Here's how the above blocks would appear in PDQ in R as three separate models in the same R script:
# PDQ fun blocks
# Created by NJG on Mon Aug 30 2010
library(pdq)
work <- "Requests"
arate <- 0.75
Ta <- 0.25
Tb <- 0.75
p <- 0.5
Init("Sequence Fun Blocks")
CreateOpen(work,arate)
CreateNode("SeqBlock",CEN,FCFS)
SetDemand("SeqBlock",work,Ta+Tb)
Solve(CANON)
Report()
Init("Parallel Fun Blocks")
CreateOpen(work,arate)
CreateNode("ParaBlock1", CEN,FCFS)
SetDemand("ParaBlock1",work,p*Ta)
CreateNode("ParaBlock2",CEN,FCFS)
SetDemand("ParaBlock2",work,(1-p)*Tb)
Solve(CANON)
Report()
Init("Repetition Fun Blocks")
CreateOpen(work,arate)
CreateNode("RepBlock",CEN,FCFS)
SetDemand("RepBlock",work,Ta/(1-p))
Solve(CANON)
Report()
We can easily check the output of the "Sequence Fun Blocks" model. Since the combined service demand equals 1.0 second and the arrival rate is 0.75 per second, the residence time (R) had better be R = 1/(1 - (3/4)) = 4 seconds. And indeed, the RESOURCE Performance section of the PDQ Report reveals that to be correct.
****** RESOURCE Performance *******
Metric Resource Work Value Unit
------ -------- ---- ----- ----
Throughput SeqBlock Requests 0.7500 Trans/Sec
Utilization SeqBlock Requests 75.0000 Percent
Queue length SeqBlock Requests 3.0000 Trans
Waiting line SeqBlock Requests 2.2500 Trans
Waiting time SeqBlock Requests 3.0000 Sec
Residence time SeqBlock Requests 4.0000 Sec
Other diagrammatic techniques e.g., UML diagrams, may also be useful but I don't understand that stuff so I've never tried it. If anyone does try that approach I'd be interested to hear about it.
See Chap. 6 "Pretty Damn Quick(PDQ)—A Slow Introduction" in my Perl::PDQ book for more ideas.
11 comments:
dear Dr. Gunther,
I'm currently reading your book "analyzing computer system performances with perl:PDQ"
after having discovered your wonderful blog.
Since I would like to model an online charging process I'm struggling to find an example
that looks like it with no luck.I would like to have some hints from you to choose the best model.
In an online charging an user (an online game player, a person making a mobile phonecall)
has a certain amount of credit that is consumed while it uses the service (it is a prepaid service).

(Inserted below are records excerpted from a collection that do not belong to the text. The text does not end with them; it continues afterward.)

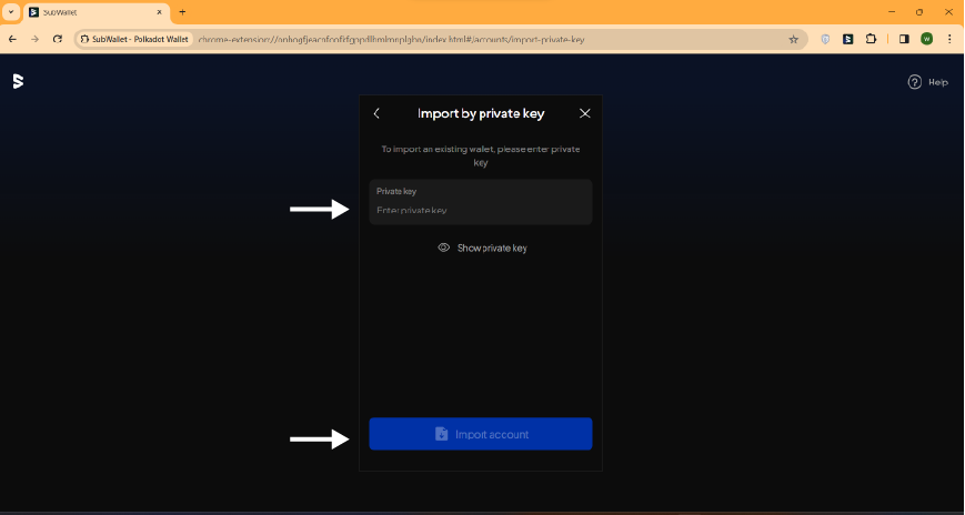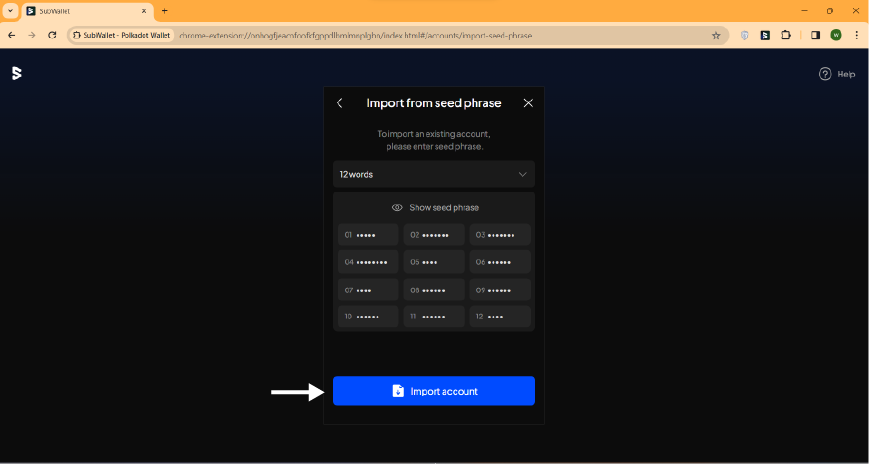 Enter your seed phrase in the text boxes. You can use either a 12-word seed phrase or a 24-word seed phrase to import your account. Click on Import account and your account has been imported!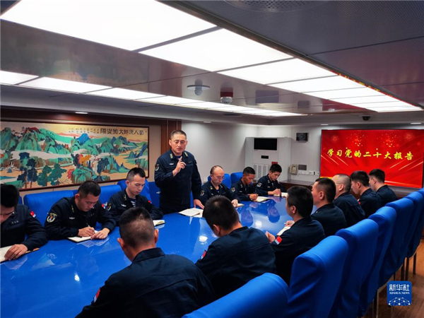 中共中央總書記、國家主席、中央軍委主席習(xí)近平24日下午出席軍隊(duì)領(lǐng)導(dǎo)干部會(huì)議時(shí)發(fā)表的重要講話,在解放軍和武警部隊(duì)引起強(qiáng)烈反響。這是東部戰(zhàn)區(qū)海軍護(hù)衛(wèi)艦支隊(duì)迅速組織官兵學(xué)習(xí)習(xí)主席重要講話(10月25日攝)。新華社發(fā)(劉祎瑋 攝)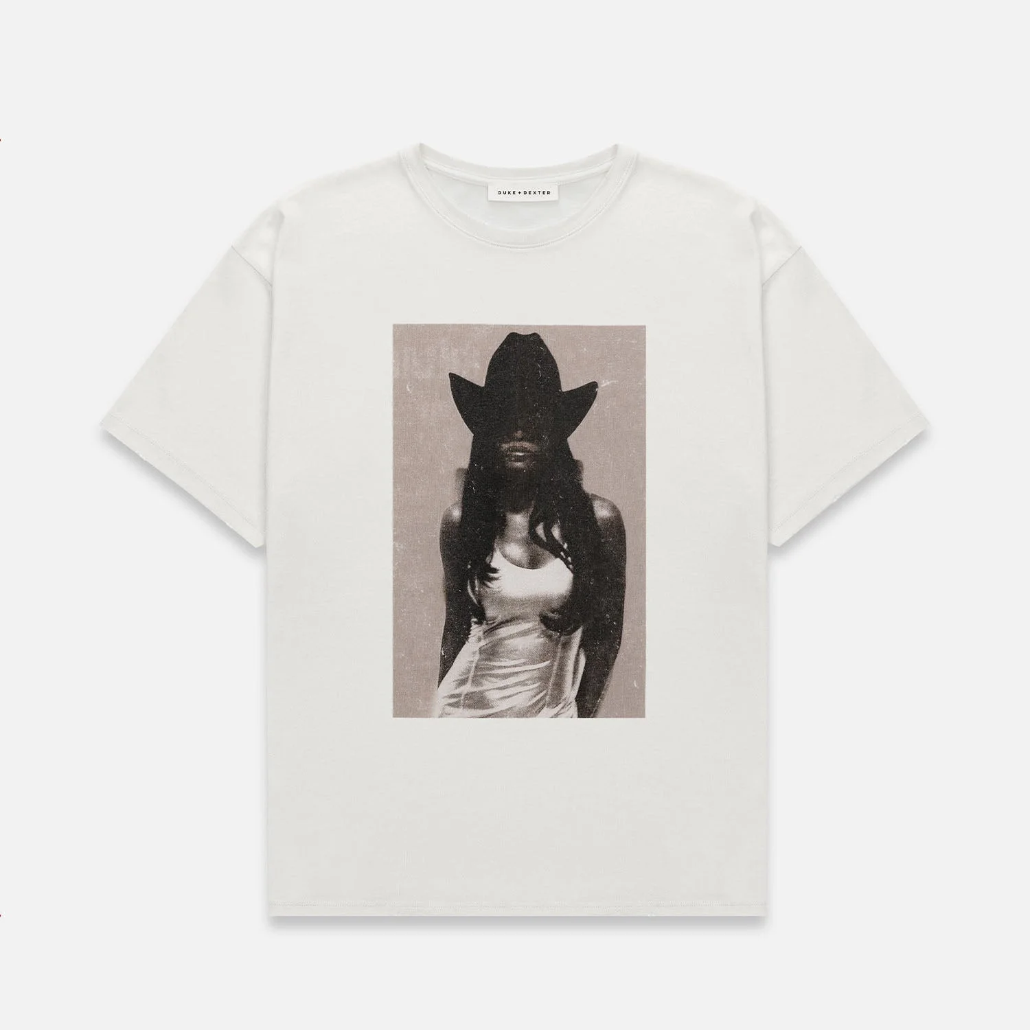 This Vintage White T-Shirt is printed with our Duke Cowgirl graphic at the chest. With the collection’s title at the back, it’s made from 220GSM cotton-jersey that’s washed and sun-faded for a naturally worn-in look and feel. SPECIFICATIONS Fit Relaxed Composition 100% Cotton Weight 220gsm Detail Water based screen print. Vintage wash Packaging All our packaging is made from recycled materials Origin Handmade in Portugal

When he starts a new call (or a game session) a specific amount of money is reserved and deducted from his credit
and a specific service time portion is granted to use the service. When time is over, another authorization request
is made, until user closes his session or credit is over.

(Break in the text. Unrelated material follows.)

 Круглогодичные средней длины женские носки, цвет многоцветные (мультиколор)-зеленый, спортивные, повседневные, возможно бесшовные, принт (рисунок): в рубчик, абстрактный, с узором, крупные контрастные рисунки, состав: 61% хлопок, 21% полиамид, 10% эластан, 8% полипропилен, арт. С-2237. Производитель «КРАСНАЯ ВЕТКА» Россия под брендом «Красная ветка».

Let's suppose that I have 40 new session starting per second, and interim authorizations happen every 30 seconds.
Also, the system takes 0.2 seconds (service time) to answer each authorization request (initial, interim and termination).
Last, I would set average session duration to 120 sec for mobile calls or 1800 sec for online game sessions.
I would say that, in case of mobile calls, I have 5 authorizations (init, 30, 60, 90, term), hence
my arrival rate is 150 req/s.
Here is my first doubt: init authorizations are markovian, but following depend from init;
can I consider them markovian as well and so summable?
The presence of these feedbacks confuses me because if there were only init authorizations
I would use an open queue model, but since the subsequent requests depend
on the first, it resembles a closed queue, with finite
number of users (active session users).
Time between requests is 30 sec; should I use a delay node to simulate it?
I'm considering it as think time, am I correct?
Could you please put me back on track?
Thanks in advance
Fresio
Hi Fresio,
A very nice example and a good question, which is certainly soluble.
Since it's a bit involved, however, I'll address it in an upcoming blog post.
--njg
On further reflection, although I know what you are asking me from the modeling standpoint, there is one thing missing: What question are you trying to answer with your PDQ model?
Put another way: What outcome are you looking for?
The reason it is always worthwhile to ask yourself this question is that it can help you to organize your PDQ model inputs (the stuff you write in the PDQ code) from PDQ outputs (the stuff you find in the PDQ Report).
For example, if you wanted to determine the throughput of the gaming system, then you couldn't define your PDQ model to be an open queueing model because throughput (or equivalently, the arrival rate in steady state) is a required input parameter for an open PDQ model.
As your description stands right now, you kinda have a pile of somewhat undifferentiated numbers. Nothing wrong with that, and we all start with something like that. Just sayin' that sorting your inputs from your outputs would be a good next step.
Hi,
my main goal is to understand how many parallel queueing centers (cpus) would I need to get a reasonable response time, let's say under 0.5 seconds, given an arrival rate of 40 new sessions/second and a session update (new interim authorizations) every 30 seconds.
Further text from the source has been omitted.